Gebrochts (Yiddish: "broken") refers to matzo that has absorbed liquid. In Hebrew, gebrochts is known as matzo shriya or shruya ("soaked matzo"). Gebrochts is an aspect of Passover kashrut observed by many in the Hasidic Jewish community, and among some other Ashkenazi Jewish groups influenced by Hasidism.

Custom

During the holiday of Passover, Jews are forbidden to eat any of five species of grain (wheat, barley, spelt, oats, and rye) if they have been "leavened." Leavening (, Chametz) is defined as flour of one of these grains combined with water and allowed to sit for more than 18 minutes before being baked. Once flour has been reacted with water and rapidly baked into matzo, it is no longer subject to leavening. According to this argument, matzo and its derivatives are neither "leavened" nor "leavenable" and therefore are permissible for consumption during Passover. A reading of the tractate Pesahim from the Babylonian Talmud (c. 500) makes it clear that in Talmudic times, matzo soaked in water was permitted during Passover; the Ashkenazi rabbi and exegete, Rashi (c. 1100), also indicates that this was unobjectionable (Berachot 38b).
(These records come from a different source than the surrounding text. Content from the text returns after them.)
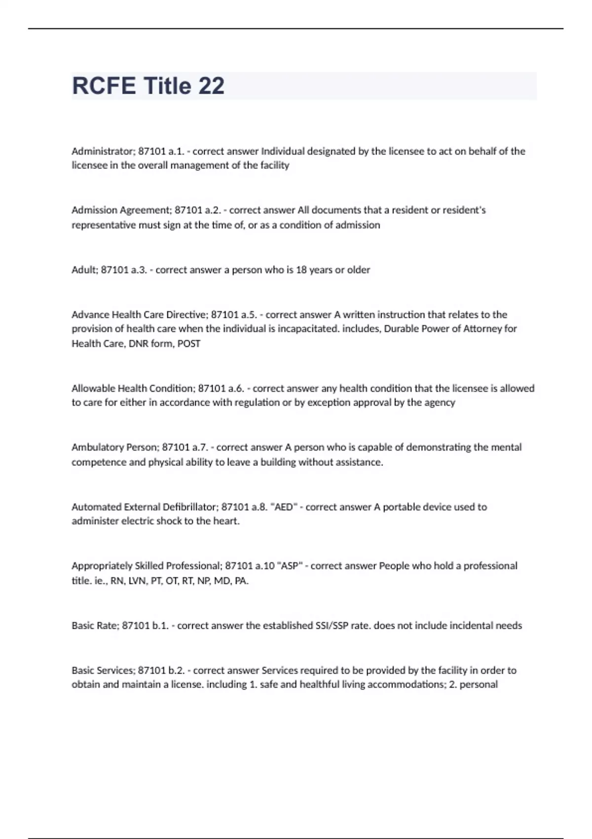 Exam of 14 pages for the course rcfe at rcfe (RCFE Title 22.)
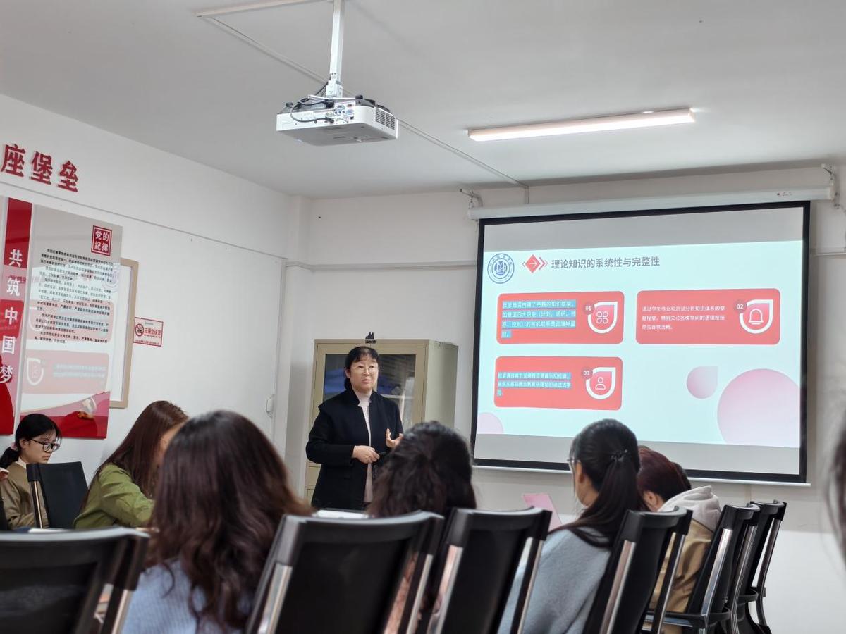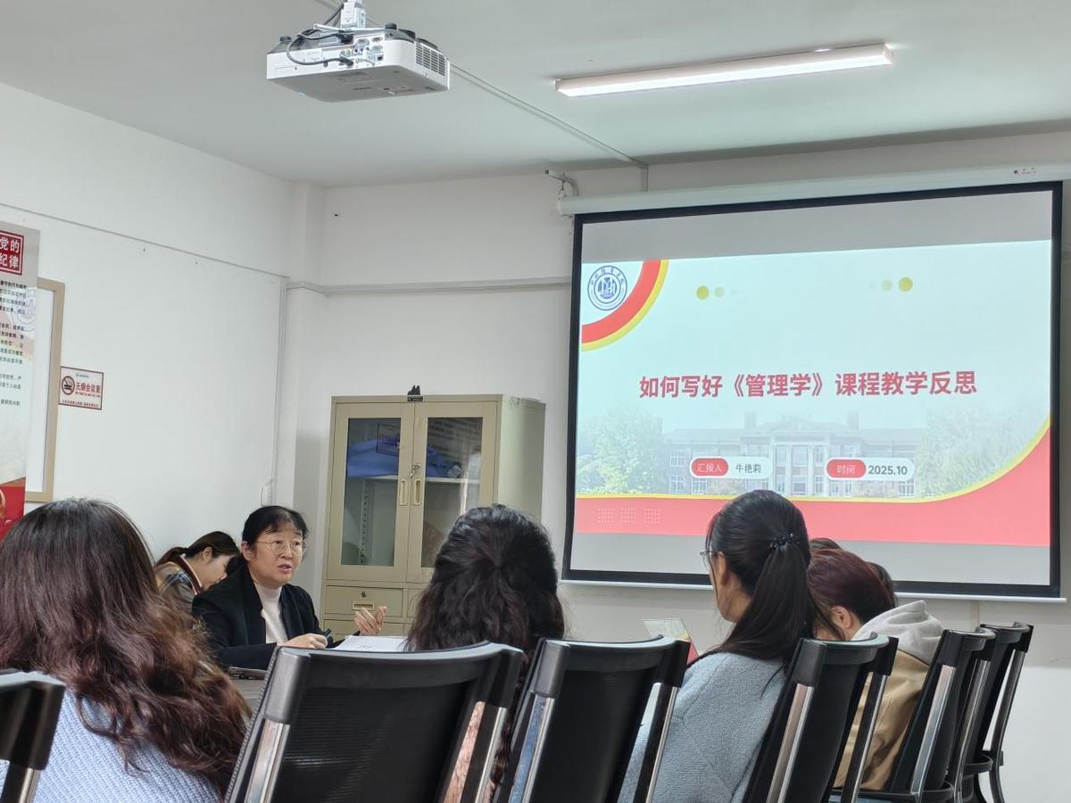 本次培训会聚焦“教学反思赋能课堂提质”核心主题,牛艳莉院长精心筹备并制作专题课件,以自身主讲的《管理学》课程为实践样本,展开长达四十分钟的沉浸式教学反思示范。她强调,教学反思是教师专业成长的“必经之路”,更是连接教学实践与质量提升的“关键桥梁”,尤其对新入职教师而言,常态化的教学反思能快速助力其找准教学定位、补齐能力短板,实现从“站稳讲台”到“站好讲台”的跨越。
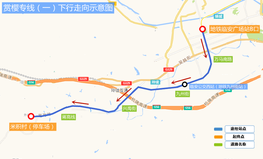 The shuttle passes through Xintang Road, North Huancheng Road, Tianmushan Road, G56, Qianjin Boulevard, Qianwang Street, Wanma Road, and Jiuzhou Street before arriving at Lin’an Bus West Station.
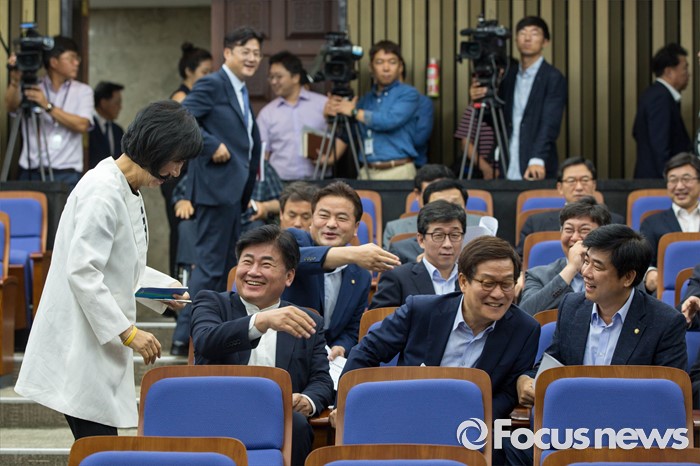 (서울=포커스뉴스) 사드배치에 반발하는 중국 측 입장을 듣기 위해 중국을 방문하고 돌아온 더불어민주당 의원들이 11일 오전 서울 여의도 국회에서 열린 의원총회에 참석 하고 있다. 왼쪽부터 손혜원 의원, 소병훈 의원, 신동근 의원, 김병우 의원.
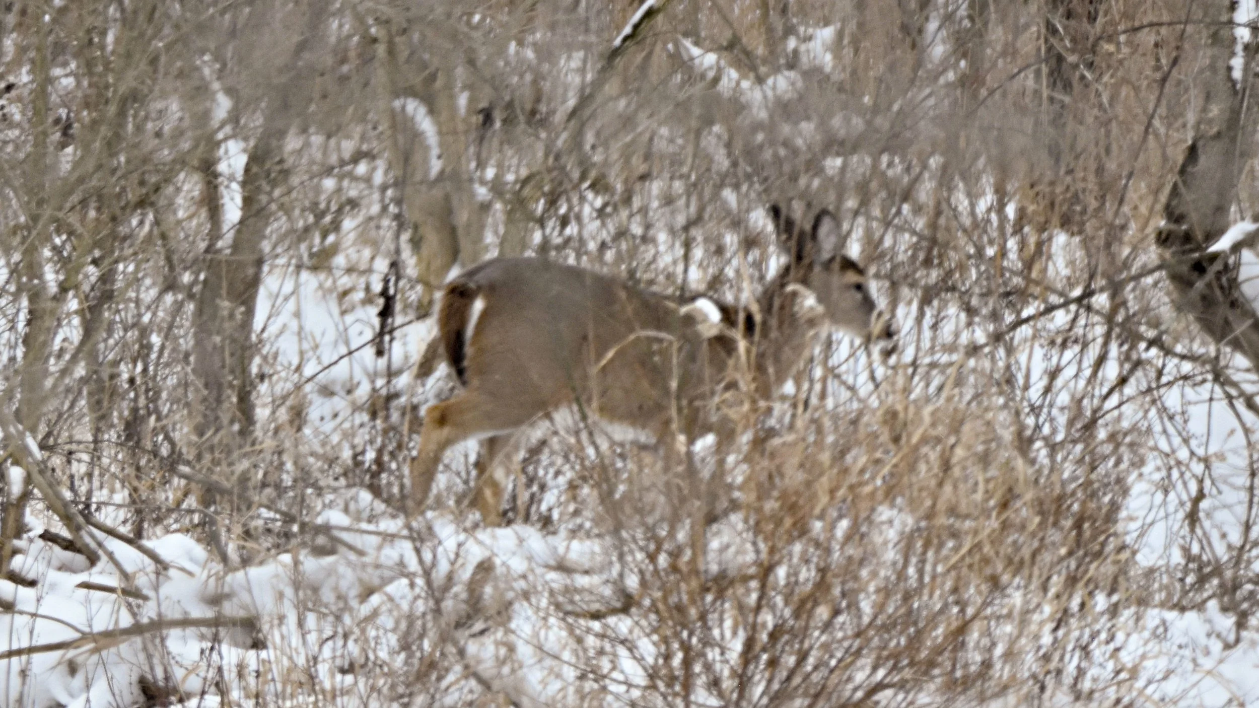 You cannot see it in this picture but the fishing pond between the deer and me was frozen over. I don't think it was very thick. This deer was walking on it and I was worried she make go through it.
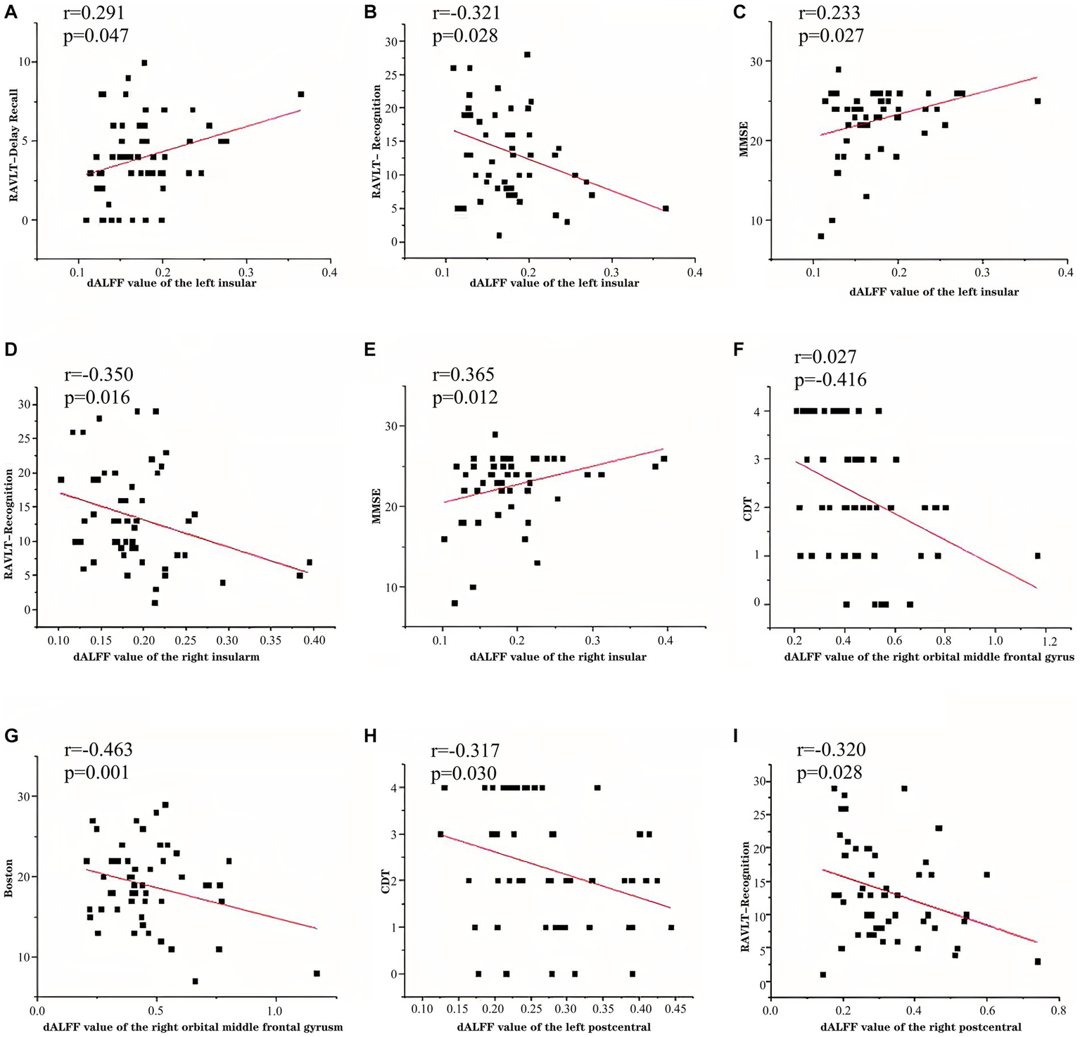 Finally, partial correlation analyses was used to examine the relationship between the brain regions with inter-group and intra-group differences in d-ALFF and the neuropsychological scale, and age, sex, and years of education were taken as regression variables. Calculate p-value and partial correlation coefficient (r-value). A p < 0.05 was considered statistically significant.
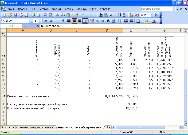 для второго листа - «Анализ потока обслуживания»,
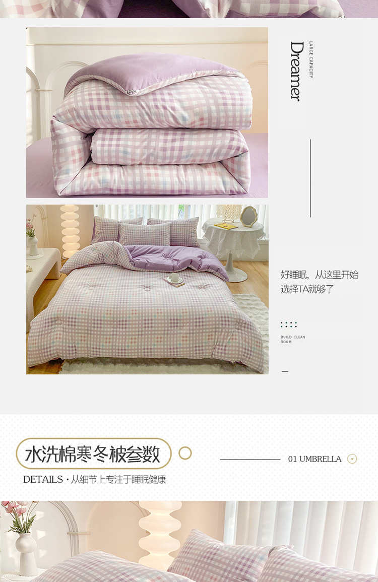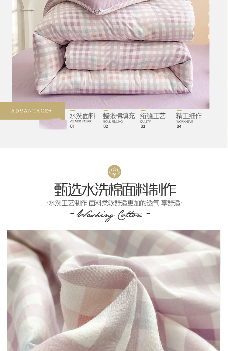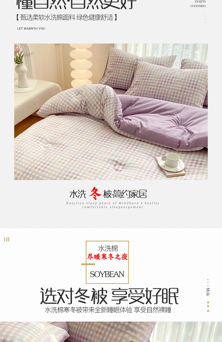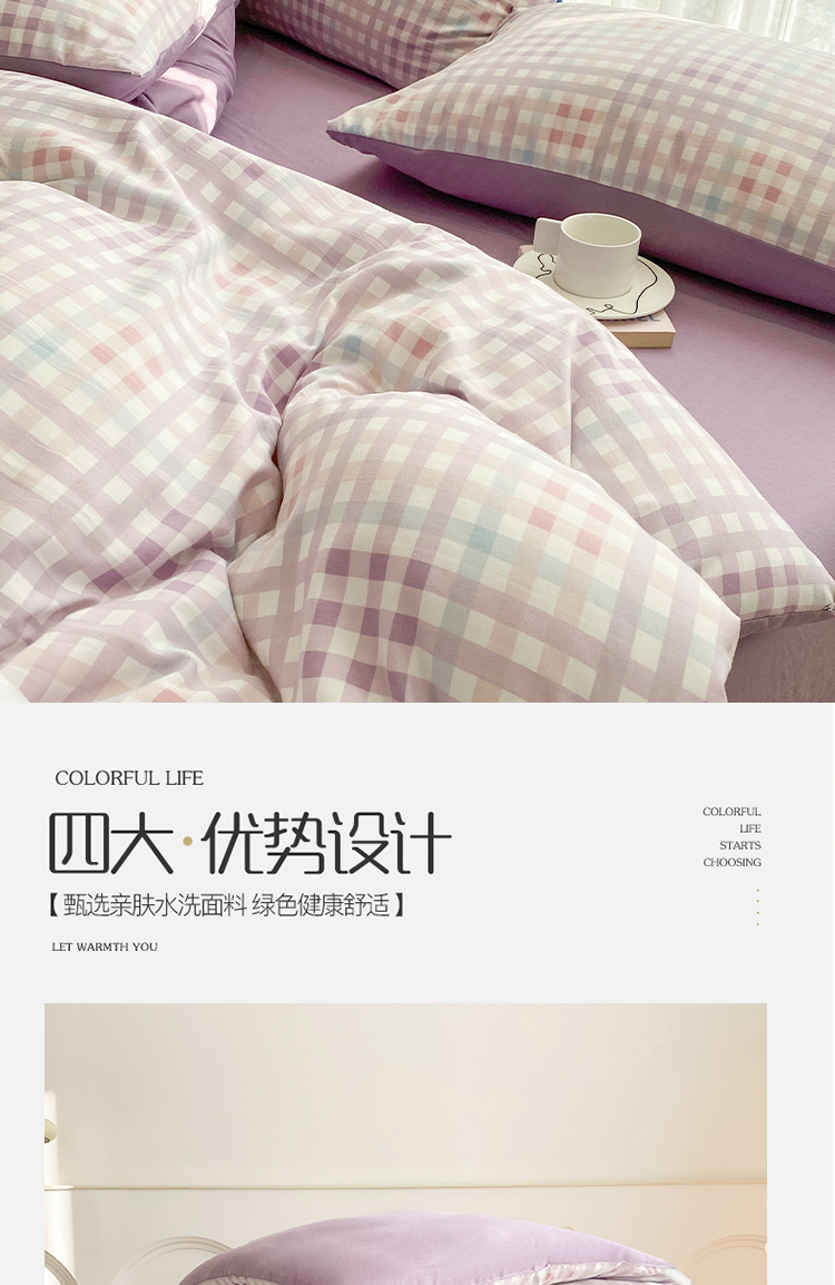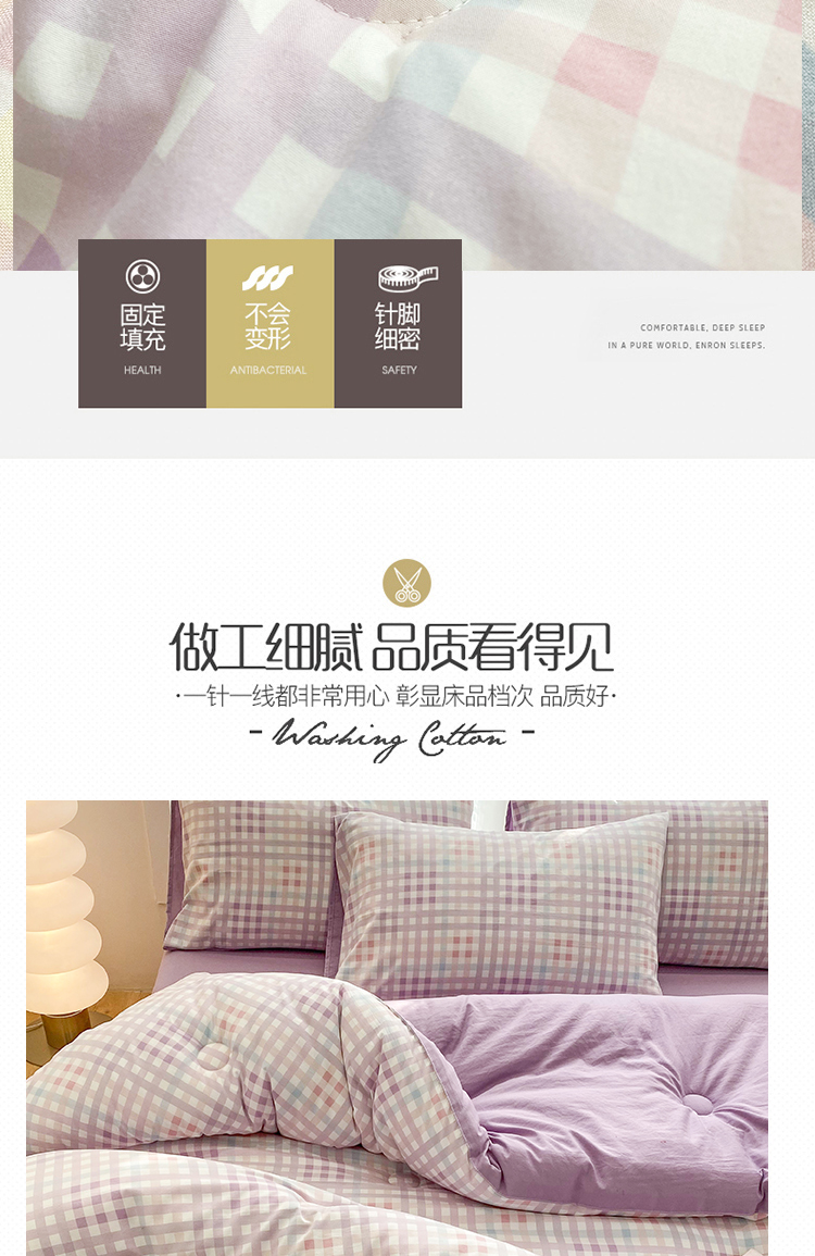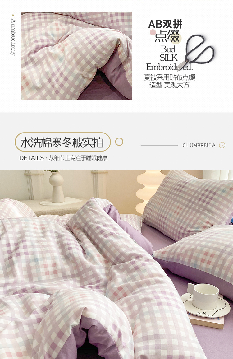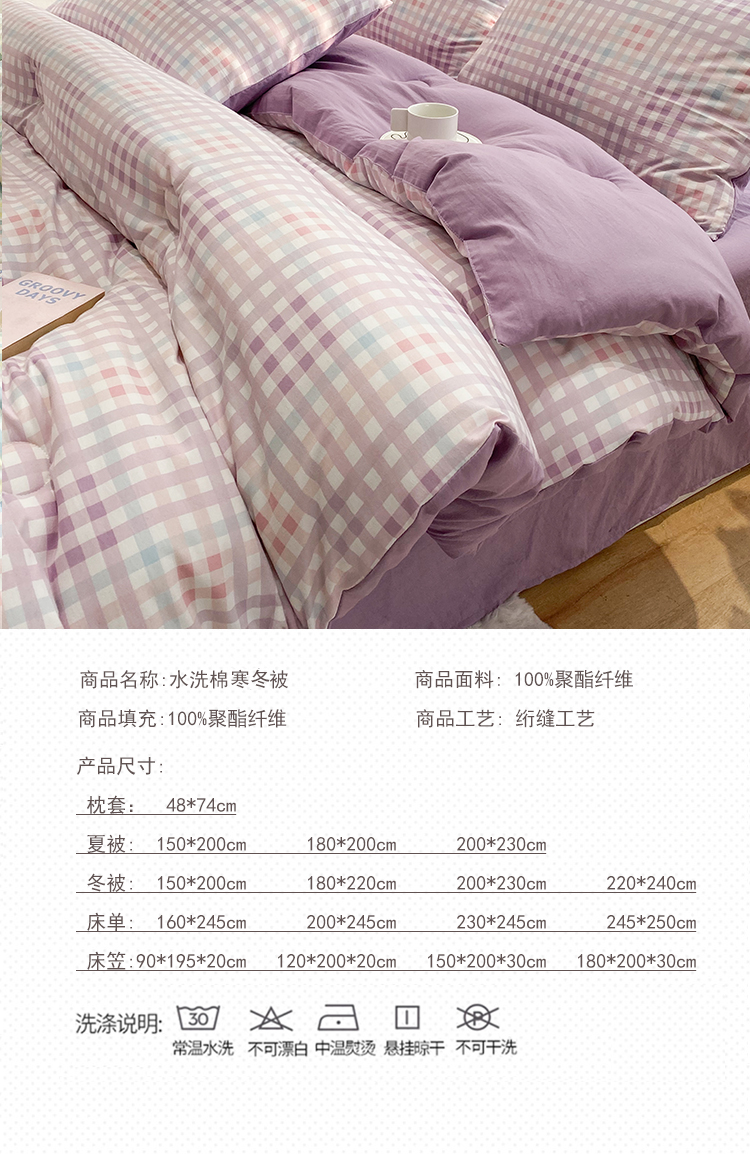 当前位置: 91家纺网 > 商品网购 > 床品套件 > 四件套 > 夏被四件套 > 啊雅家居 2025新款水洗棉条纹印花夏被冬被四件套-床单款 冬被 日系小格紫
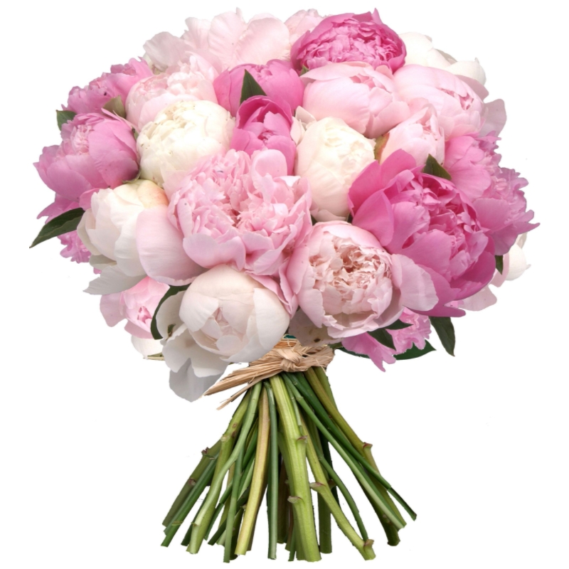 Букет состоит из 31 белый и розовый пион, прозрачная упаковка, лента.
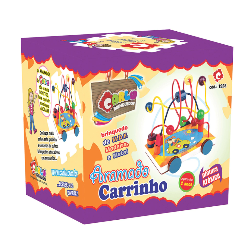 O Aramado Carrinho é um brinquedo divertido que chama a atenção de crianças de várias faixas etárias. Composto por 3 circuitos e 15 peças, a criança estimula a coordenação visomotora e a percepção visual através das cores e formas. Uma fofura!
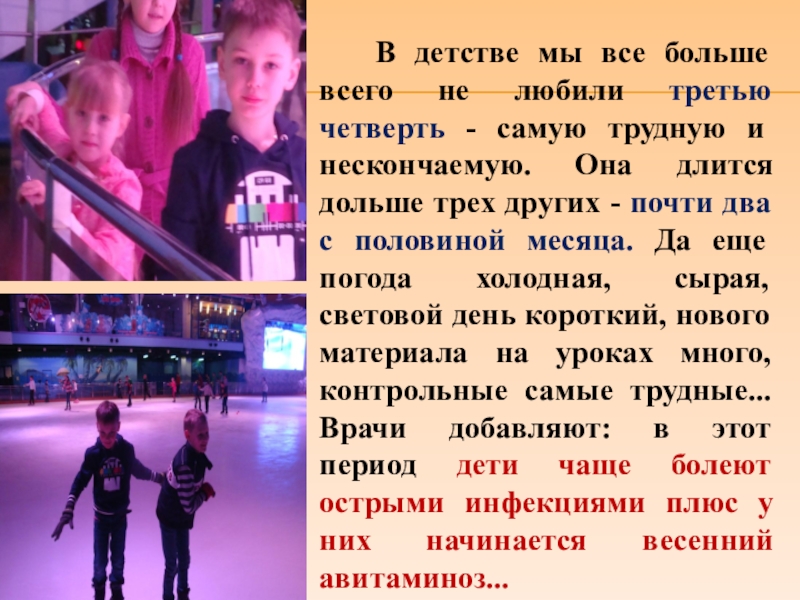 третью четверть - самую трудную и нескончаемую. Она длится дольше трех других - почти два с половиной месяца. Да еще погода холодная, сырая, световой день короткий, нового материала на уроках много, контрольные самые трудные... Врачи добавляют: в этот период дети чаще болеют острыми инфекциями плюс у них начинается весенний авитаминоз...

However, the custom later developed among some Ashkenazim, primarily Hasidic Jews, to avoid putting matzo (or any derivative, such as matzo meal) into water (or any liquid), to avoid the possibility that a clump of flour that was never properly mixed with water (and thus is still susceptible to leavening) may come into contact with the liquid. According to Rabbi Yitzchak Eizik of Vitebsk, the custom originated with Dov Ber of Mezeritch. (This appears, for example, in Shulchan Aruch HaRav, c. 1800.) Therefore, some Jewish communities, especially Hasidic Jews, do not eat matzo ball soup during Passover. "Non-gebrochts" recipes and products generally substitute potato starch for matzo meal.

Observance
Some non-gebrochts eaters will not use dishes that were used for gebrochts. Some hotels and restaurants open during Passover indicate on their menus, "if you would like to add matzo to your chicken soup, please notify the waiter so s/he may provide you with a disposable bowl and spoon." Others observe the custom only on the first night of Passover or abstain from eating gebrochts themselves but do not regard it as chametz. Personal custom generally reflect the norms of one's family and community.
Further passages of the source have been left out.